Starting with the line containing "Ersatz- und Austauschteile" and going on through the line containing "Fashioned from luxurious", return the lines of the data below exactly, and only those.

Source material
★ ★ ★

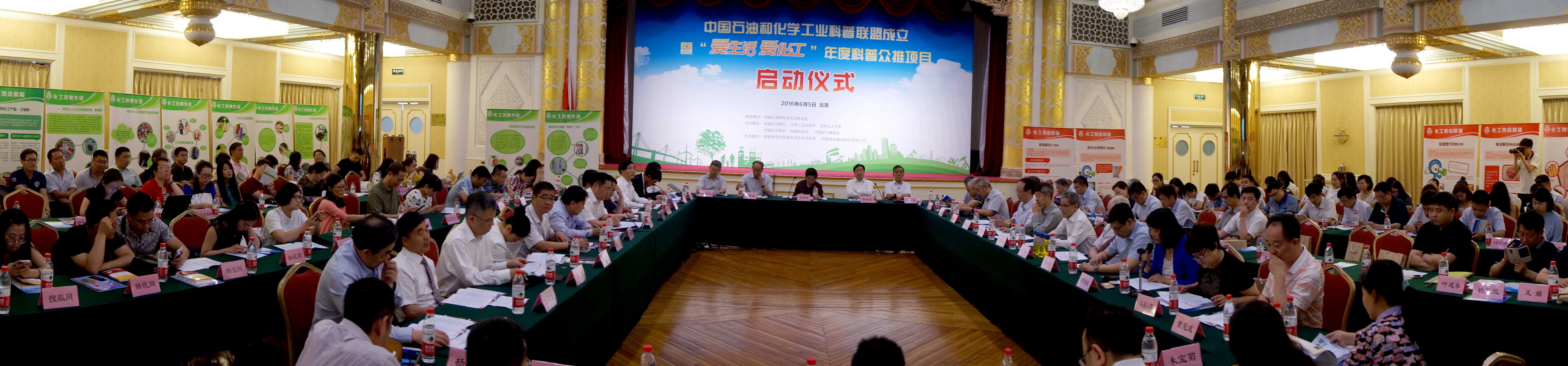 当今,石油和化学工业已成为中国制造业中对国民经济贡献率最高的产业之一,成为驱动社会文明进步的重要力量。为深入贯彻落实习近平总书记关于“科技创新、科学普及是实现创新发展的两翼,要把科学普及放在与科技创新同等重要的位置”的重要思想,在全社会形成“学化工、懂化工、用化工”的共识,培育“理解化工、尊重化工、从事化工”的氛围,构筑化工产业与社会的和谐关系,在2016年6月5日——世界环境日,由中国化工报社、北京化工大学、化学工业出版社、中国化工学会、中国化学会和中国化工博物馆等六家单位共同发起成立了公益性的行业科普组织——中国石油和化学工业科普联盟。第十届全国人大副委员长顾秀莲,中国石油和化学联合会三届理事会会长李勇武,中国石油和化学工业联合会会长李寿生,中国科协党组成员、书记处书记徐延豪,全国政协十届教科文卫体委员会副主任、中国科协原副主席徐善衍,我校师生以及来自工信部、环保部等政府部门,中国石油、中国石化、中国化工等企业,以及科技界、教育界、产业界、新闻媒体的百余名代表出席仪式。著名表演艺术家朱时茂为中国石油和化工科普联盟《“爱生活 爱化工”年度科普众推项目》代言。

★ ★ ★

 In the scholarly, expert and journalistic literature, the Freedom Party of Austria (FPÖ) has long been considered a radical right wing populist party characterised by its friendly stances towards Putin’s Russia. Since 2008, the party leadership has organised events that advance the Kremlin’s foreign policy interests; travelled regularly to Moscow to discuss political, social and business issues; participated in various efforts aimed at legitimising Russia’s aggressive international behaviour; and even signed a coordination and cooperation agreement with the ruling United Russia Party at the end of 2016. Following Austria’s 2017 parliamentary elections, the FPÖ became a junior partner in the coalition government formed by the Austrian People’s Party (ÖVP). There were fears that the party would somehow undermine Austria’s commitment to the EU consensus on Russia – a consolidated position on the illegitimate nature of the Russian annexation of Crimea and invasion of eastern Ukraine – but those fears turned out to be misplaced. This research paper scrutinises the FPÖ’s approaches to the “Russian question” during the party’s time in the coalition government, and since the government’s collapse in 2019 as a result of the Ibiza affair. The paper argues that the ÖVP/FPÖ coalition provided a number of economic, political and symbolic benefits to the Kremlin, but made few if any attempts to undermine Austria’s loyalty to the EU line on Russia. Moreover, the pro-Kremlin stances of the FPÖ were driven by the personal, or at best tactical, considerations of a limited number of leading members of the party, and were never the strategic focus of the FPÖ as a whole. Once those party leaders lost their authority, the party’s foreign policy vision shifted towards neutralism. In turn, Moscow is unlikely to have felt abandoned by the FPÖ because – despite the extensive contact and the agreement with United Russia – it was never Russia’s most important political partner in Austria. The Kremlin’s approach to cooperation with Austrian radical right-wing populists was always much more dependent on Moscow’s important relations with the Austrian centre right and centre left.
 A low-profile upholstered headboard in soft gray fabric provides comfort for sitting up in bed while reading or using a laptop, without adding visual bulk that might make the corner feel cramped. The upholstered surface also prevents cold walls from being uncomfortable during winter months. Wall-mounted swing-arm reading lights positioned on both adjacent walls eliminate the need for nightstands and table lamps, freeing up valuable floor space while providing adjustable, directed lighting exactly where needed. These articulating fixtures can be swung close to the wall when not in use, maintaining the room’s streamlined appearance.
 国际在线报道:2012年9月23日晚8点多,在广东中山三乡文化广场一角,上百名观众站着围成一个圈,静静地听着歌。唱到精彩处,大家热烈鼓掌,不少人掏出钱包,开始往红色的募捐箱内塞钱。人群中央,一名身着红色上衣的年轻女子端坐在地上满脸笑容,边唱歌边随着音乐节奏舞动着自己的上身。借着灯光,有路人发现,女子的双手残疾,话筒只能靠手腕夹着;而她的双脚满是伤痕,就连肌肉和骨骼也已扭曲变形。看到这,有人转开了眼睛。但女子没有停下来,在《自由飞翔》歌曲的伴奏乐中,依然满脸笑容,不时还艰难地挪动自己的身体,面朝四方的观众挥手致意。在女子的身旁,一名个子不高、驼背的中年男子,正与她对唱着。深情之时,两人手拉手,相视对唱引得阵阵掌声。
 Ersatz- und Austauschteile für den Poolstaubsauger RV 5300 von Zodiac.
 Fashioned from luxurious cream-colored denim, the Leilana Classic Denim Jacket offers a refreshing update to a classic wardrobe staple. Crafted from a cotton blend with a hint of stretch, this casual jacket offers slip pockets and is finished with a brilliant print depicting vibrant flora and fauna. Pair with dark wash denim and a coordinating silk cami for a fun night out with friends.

★ ★ ★

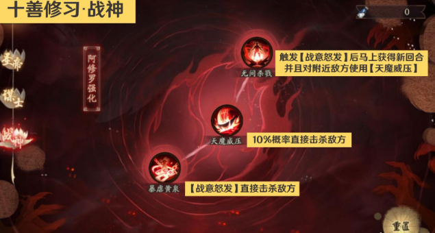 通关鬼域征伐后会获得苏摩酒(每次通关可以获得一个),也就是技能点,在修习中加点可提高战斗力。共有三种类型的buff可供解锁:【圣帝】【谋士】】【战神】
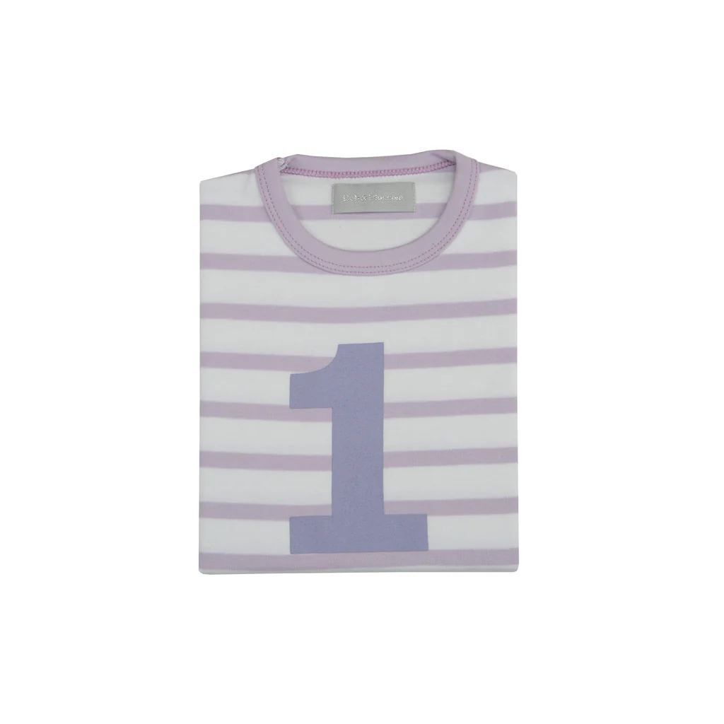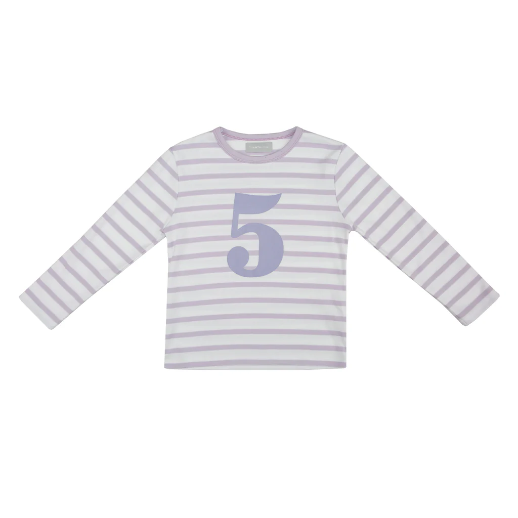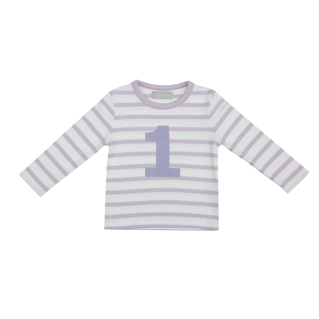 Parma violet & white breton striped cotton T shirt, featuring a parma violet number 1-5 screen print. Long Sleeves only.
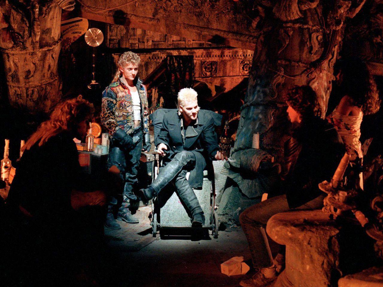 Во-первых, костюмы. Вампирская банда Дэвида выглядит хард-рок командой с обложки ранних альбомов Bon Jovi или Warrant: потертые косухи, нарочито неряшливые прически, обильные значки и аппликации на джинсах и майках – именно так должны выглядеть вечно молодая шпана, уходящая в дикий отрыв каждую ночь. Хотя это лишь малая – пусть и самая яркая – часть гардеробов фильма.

★ ★ ★

Output below
 Ersatz- und Austauschteile für den Poolstaubsauger RV 5300 von Zodiac.
 Fashioned from luxurious cream-colored denim, the Leilana Classic Denim Jacket offers a refreshing update to a classic wardrobe staple. Crafted from a cotton blend with a hint of stretch, this casual jacket offers slip pockets and is finished with a brilliant print depicting vibrant flora and fauna. Pair with dark wash denim and a coordinating silk cami for a fun night out with friends.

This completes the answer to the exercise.